At the moment, Joshua agent has been designed to "die on failure" rather than deal with failures more elegantly. This is because the environment will just reschedule an agent after its task ends, so it is cheaper and easier to simply have an agent die if it sees something it can't deal with and allow its environment to be reset rather than to deal with it more elegantly.

By design, the current package does NOT include two dependencies that it will need if one wants to run the agent, namely childsubreaper and subprocess32. The first module is home built, but it is an extension module that can only be compiled on Linux and only with the Python development tools. The other is the Python 3 subprocess32 module. As these are not required to run the client, and as many people may be running the rest of this module from outside of a Linux environment, these dependencies for the agent only are left out. If you wish to run the agent manually, you will have to download them separately. The preferred way of running agents is via the provided Docker image (as described below), so you don't need to manually managing packages and some required binaries.

Usage

To start an ensemble, create a tar.gz archive where there is a file called joshua_test within the top level directory. This file should be an executable bash script that performs whatever test you want to run. The test should finish with exit code 0 upon success and a non-zero exit code upon failure. Then submit the job by running (assuming your FoundationDB cluster file is ./fdb.cluster, otherwise use -C path/to/cluster_file for following commands):

python3 -m joshua.joshua start --tarball path/to/archive.tar.gz

You can then see the results of the test by running:

python3 -m joshua.joshua tail

Or:

python3 -m joshua.joshua tail --errors

If you only want to see the errors from your run. By default, jobs will complete after they have failed 100 times (though that is configurable through the fail-fast option at ensemble start time). You can manually stop a job by running:

python3 -m joshua.joshua stop

You can also see which jobs are running:

python3 -m joshua.joshua list

Two more usage notes: Joshua operates by connecting to a coordinating FoundationDB cluster, which is where it places jobs to start and also where the agents report back results.

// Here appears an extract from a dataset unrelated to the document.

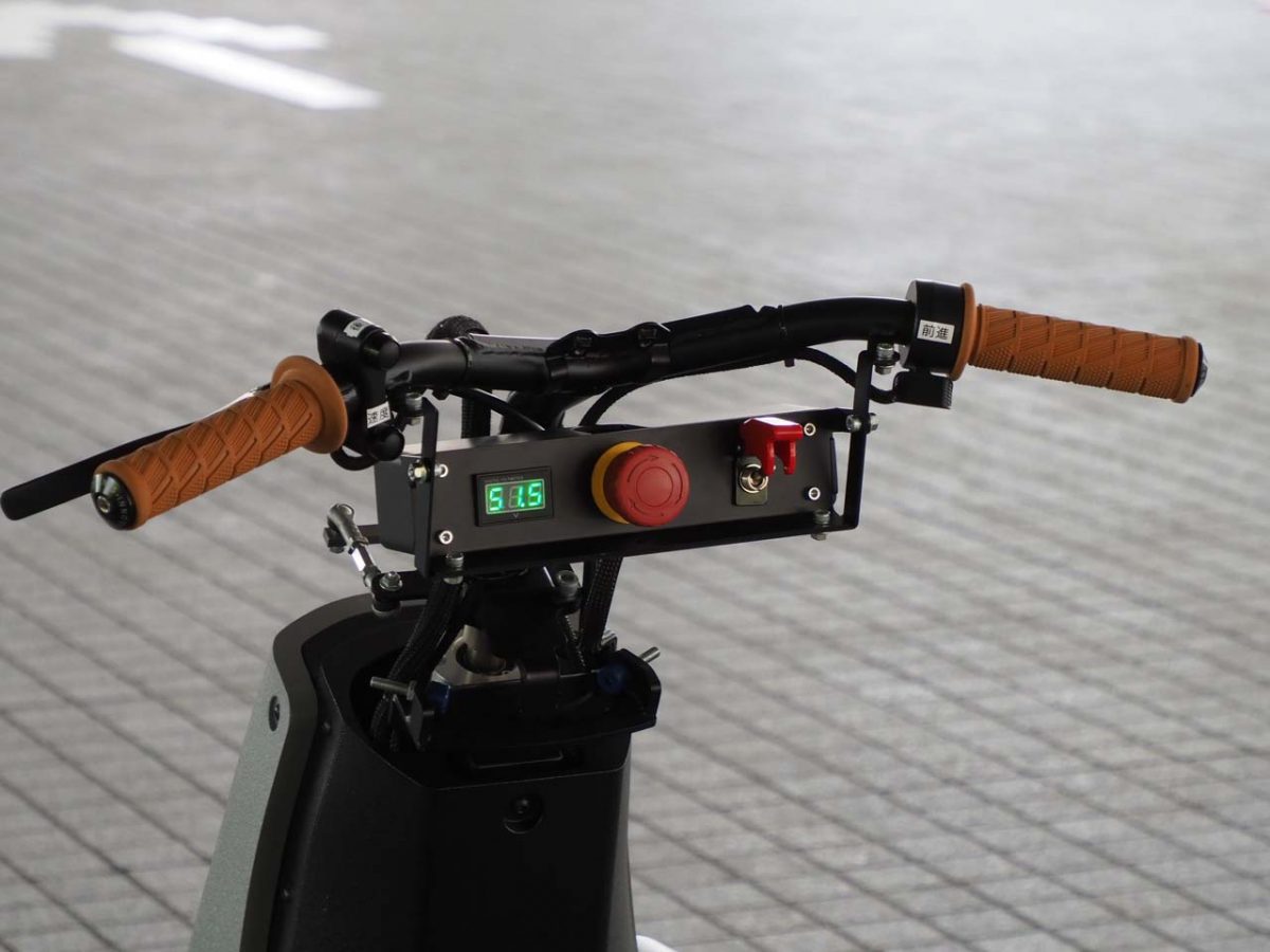 試乗してみると、プロトタイプの操作はとても簡単でした。電源をONにして、ハンドルの右側グリップ下にあるレバーを押し込むだけで車体はスルスルッと動き出し、レバーを放したら回生ブレーキで減速します。もちろん、ブレーキ機構は後輪を制動する仕組みとして別途備えられていますが、回生ブレーキがかなり強力なので、この日の試乗で使うことはほとんどありませんでした。

You should therefore either set the FDB_CLUSTER_FILE environment variable to that cluster file or pass the cluster file path through the --cluster-file command line argument. Also, Joshua uses the "username" of the user who submits jobs in order to track which user started jobs and in order to know which jobs to tail or stop. By default, this is the user's OS user name, but this can be configured by either passing the --username flag (if the command takes one) or by setting the JOSHUA_USER environment variable to the desired name.

Build and Run Agent Docker Images

To run Joshua agent processes, we provide a Docker image that can spawn multiple agent processes. This docker image created by build.sh script, which uses Dockerfile.

Note restarting tests need old fdbserver binaries and TLS libraries, which should be saved in Docker/old_binary and Docker/old_tls_library directories, respectively.

To start agents, run

docker run --rm -v /home/centos/joshua/:/opt/joshua -it foundationdb/joshua-agent:latest

The -v parameter is to pass the cluster file /home/centos/joshua/fdb.cluster for the docker to use. Change this parameter path to where the cluster file is stored.

By default, agents run under /tmp/joshua_agent/XX/, where XX is the agent ID number. Each agent also produces a log file at /tmp/joshua_agent/XX.log. If an agent died, its working directory is renamed as /tmp/joshua_agent/XX.failed and a new agent with a different ID number will be spawned. Agent spawning events are logged in log file /tmp/joshua_agent/start_agent.log.